Among the entries below, one line contains "Layla Jones Chiffon" and another contains "1. Автономный включает". Transcribe those two lines and every line between them, exactly.

[[ EXTRACTED ENTRIES, beginning ]]

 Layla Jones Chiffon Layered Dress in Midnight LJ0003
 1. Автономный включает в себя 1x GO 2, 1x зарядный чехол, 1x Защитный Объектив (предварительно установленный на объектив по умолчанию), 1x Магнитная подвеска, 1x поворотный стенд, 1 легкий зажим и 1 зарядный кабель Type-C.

[[ EXTRACTED ENTRIES, end ]]
[[ EXTRACTED ENTRIES, beginning ]]

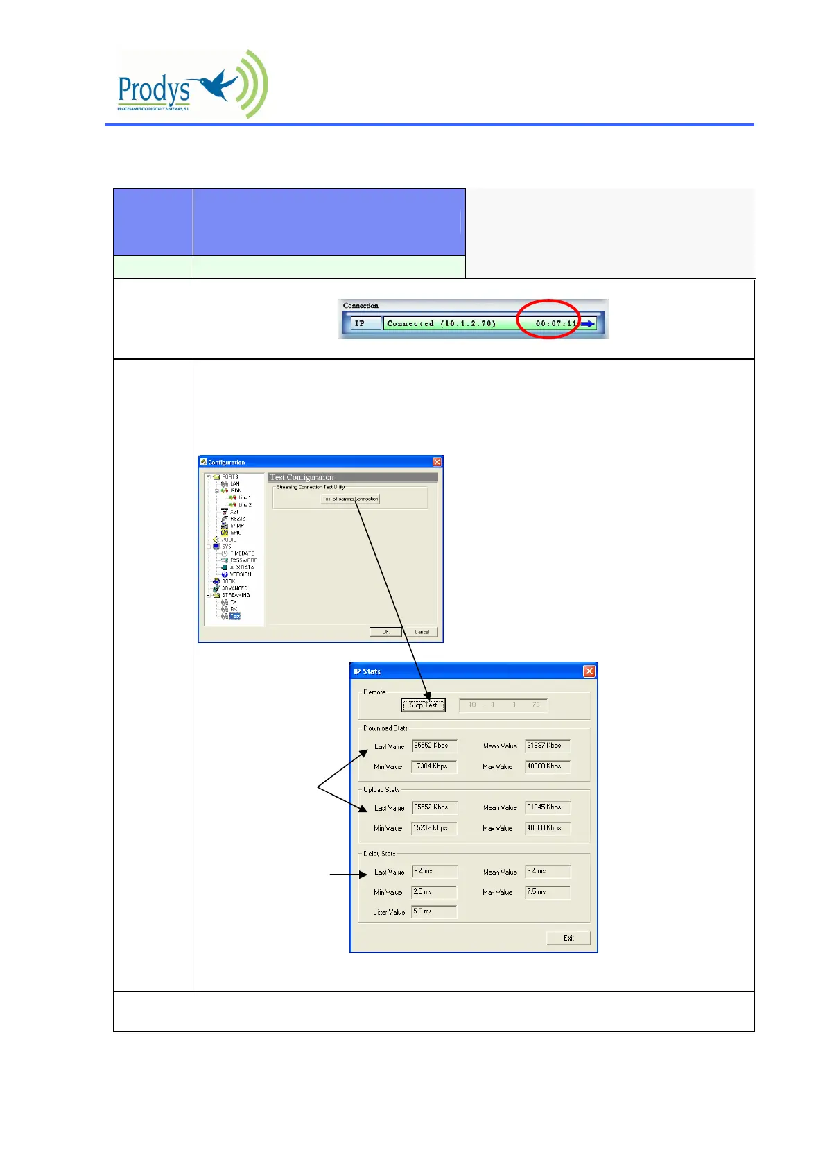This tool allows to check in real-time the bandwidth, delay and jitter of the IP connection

[[ EXTRACTED ENTRIES, end ]]
[[ EXTRACTED ENTRIES, beginning ]]

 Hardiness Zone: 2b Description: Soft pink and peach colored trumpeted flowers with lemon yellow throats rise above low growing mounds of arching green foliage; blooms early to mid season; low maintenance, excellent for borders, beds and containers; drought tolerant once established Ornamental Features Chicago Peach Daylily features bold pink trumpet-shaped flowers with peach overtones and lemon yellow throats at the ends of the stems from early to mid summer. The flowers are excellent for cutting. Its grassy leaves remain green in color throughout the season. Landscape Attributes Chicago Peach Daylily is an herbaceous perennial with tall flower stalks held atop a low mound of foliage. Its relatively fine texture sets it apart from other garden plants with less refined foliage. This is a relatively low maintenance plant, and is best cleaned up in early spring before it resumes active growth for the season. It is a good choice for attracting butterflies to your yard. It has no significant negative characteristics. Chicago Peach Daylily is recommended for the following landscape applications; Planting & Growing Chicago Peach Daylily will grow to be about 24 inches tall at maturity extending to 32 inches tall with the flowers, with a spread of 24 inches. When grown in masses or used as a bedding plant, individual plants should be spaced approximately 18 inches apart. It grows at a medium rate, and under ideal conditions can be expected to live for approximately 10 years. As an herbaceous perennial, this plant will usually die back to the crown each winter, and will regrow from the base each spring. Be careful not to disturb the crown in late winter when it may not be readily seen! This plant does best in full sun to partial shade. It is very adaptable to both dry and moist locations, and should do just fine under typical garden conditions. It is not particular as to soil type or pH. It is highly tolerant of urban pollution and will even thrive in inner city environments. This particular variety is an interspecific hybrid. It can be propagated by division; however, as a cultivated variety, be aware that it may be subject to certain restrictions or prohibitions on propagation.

[[ EXTRACTED ENTRIES, end ]]

- COMPLETED TASK
 Layla Jones Chiffon Layered Dress in Midnight LJ0003
 1. Автономный включает в себя 1x GO 2, 1x зарядный чехол, 1x Защитный Объектив (предварительно установленный на объектив по умолчанию), 1x Магнитная подвеска, 1x поворотный стенд, 1 легкий зажим и 1 зарядный кабель Type-C.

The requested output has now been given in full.